What does the future of retail look like?
We may not yet be at the point where everybody shops for their weekly groceries via an augmented reality supermarket and have their goods delivered by drone, but the technology is already in existence to make it happen.
Myer and eBay Australia, for instance, recently teamed up to launch the world’s first augmented reality department store. Using “shopticles” (AR glasses provided by eBay) shoppers can browse 20,000 items in the virtual store and those with an active eBay account can purchase via their headset.
Drone delivery, similarly, is on the cusp of becoming reality in Australia. A company called Wing is already trialling the use of drones for delivery in Canberra. Well known brands such as Guzman Y Gomez and Chemist Warehouse are amongst those 150 companies signed up to the trial.
While drone delivery is still in its infancy, the launch of Amazon Prime in Australia in June 2018 is likely to have an immediate impact on the expectations of shoppers in the region. Members benefit from delivery within two working days as well as a host of other exclusive offers.
With so much rapid change in the way people can shop, it will be interesting to see which technologies rise to the top and become all-prevalent.
The future of shopping
Consider how you shop. Do you go into a store to checkout an item in person then order that same item online (a practice known as showrooming)? Or do you live your life online, researching products, reading reviews and tapping into social networks before making your purchases online?
These practices have long been the discussion of media speculation spelling the end of the bricks-and-mortar store as we know it. However, we believe that there is still a place for both the online and in-store experience. Some 49% of respondents to our 2018 Salmat Marketing Report said they prefer to buy in store, while 32% of consumers said they prefer to shop online.
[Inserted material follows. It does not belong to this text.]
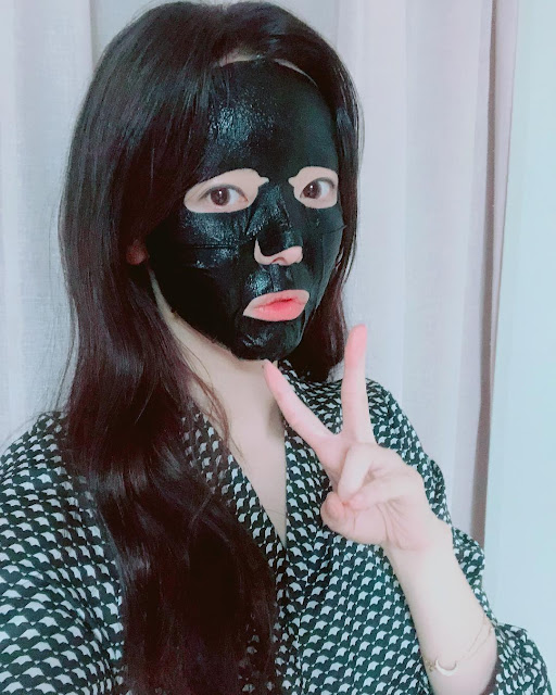 She uploads a photo of herself applying a mask on her face. She shares that it's important to have perfect skin.

In fact, even retail juggernauts such as Amazon are experimenting with their own bricks-and-mortar store experience with frictionless payment. Amazon Go is a concept store located in Seattle where shoppers can leave without manually purchasing items at a checkout desk. Shoppers simply have to tap in using the app when they enter and the app will track all the products shoppers have picked up off the shelf. Once the shopper has left the store they will be sent an invoice and receipt for the items.
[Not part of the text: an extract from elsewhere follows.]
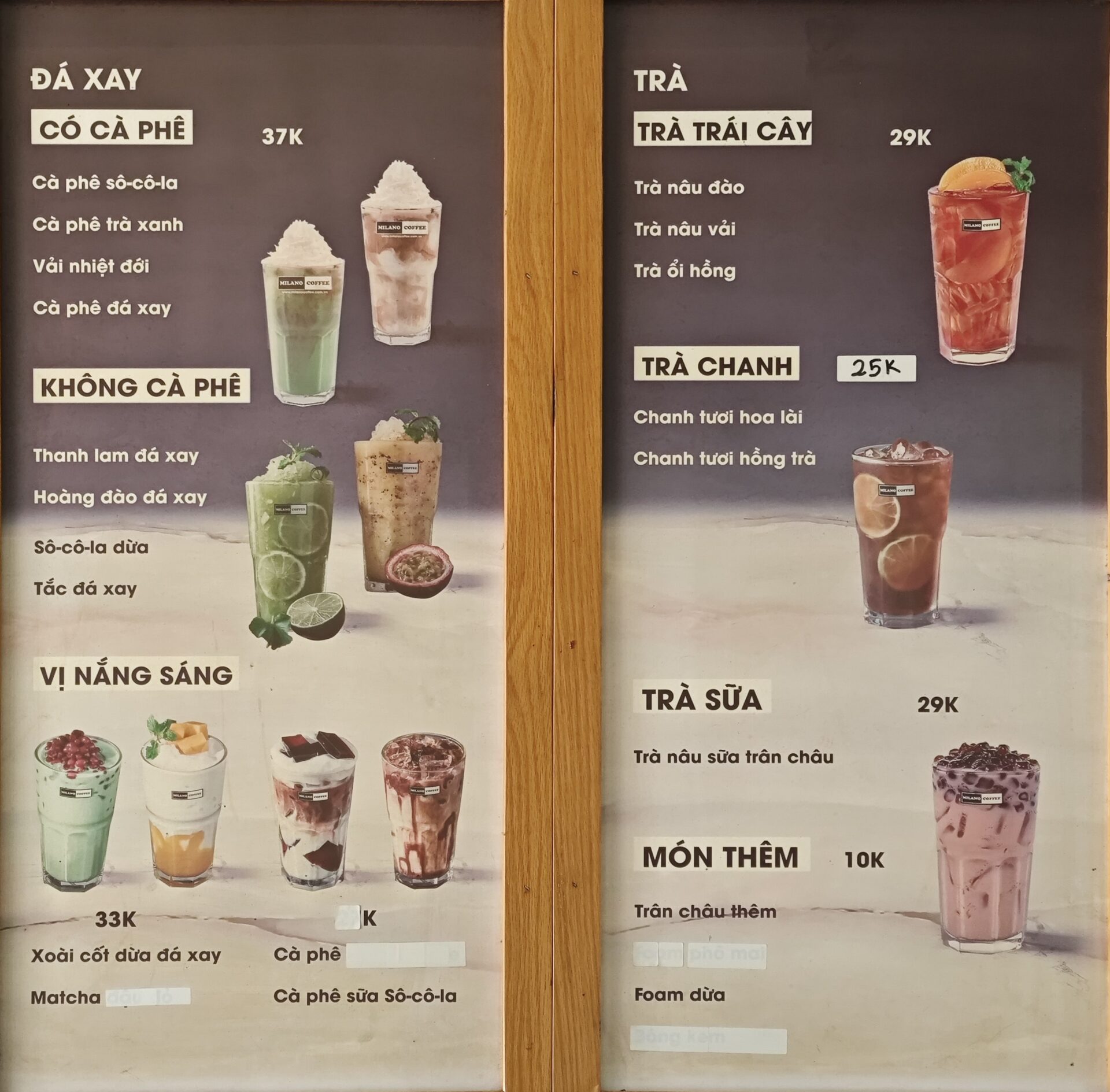 Milano Coffee」のメニューはこちら…って値段が書いてない!?

Amazon’s venture into bricks-and-mortar bookstores is another way in which the online/offline shopping experience is merging into one. While the stores tend to hold limited stock, they are merchandised in the same way as the online store, grouping together books that people often buy together. A recent New Yorker article questioned whether this approach will limit the thrill of discovery many feel when shopping in store, undermining the experience.
Impact of technology
Technology is increasingly becoming an important interface between consumer and brand — regardless of whether the purchase is made in store or online. A recent article on The Conversation highlighted that “the number of smartphone owners in Australia sits at 88%, and purchases made via mobile phones have risen by 25% in 2017”.
The article gives the example of Dan Murphy’s which has decided to take a “right-size” approach to its stores on the Gold Coast (stores are smaller, but with an emphasis on store pick up). Using mobile technology, shoppers who have purchased via the app will automatically alert the store when they get close so their order is ready for collection when they arrive.
Voice is another technology that has potential to disrupt the way in which people shop. Sales of in-home devices like the Google Home and Amazon Alexa in Australia have been steady since they entered the market in July 2017 and February 2018, respectively. In the future, it is likely that shoppers will be able to compile a list and then purchase their shopping via a virtual assistant.
How retailers can adapt
Consumers are more savvy than marketers give them credit for. When we surveyed marketers and consumers for our 2018 Salmat Marketing Report, we discovered there was a big disparity between how marketers thought consumers bought and how consumers actually shopped.
Marketers believed that consumers have little control, purchasing more in-store than originally intended (56% compared to 31% of consumers); make impulse purchases (54% compared to 24% of consumers) and generally go shopping for fun (50% compared to a mere 25%).
If marketers are struggling to understand how consumers shop now, then they are likely to become more confused as the shape of shopping changes in the coming years. Investing in the basics now, will put retailers in a good position for the future. Establishing a strong eCommerce presence and online brand (using search) will form the basis of any digital marketing campaign.
But there is still a place for bricks-and-mortar stores. David Jones’ investment in its Sydney store — particularly the curation of its shoe emporium to include a vast array of international brands that have historically only been available online — suggests retailers are now taking seriously both the online and offline experience.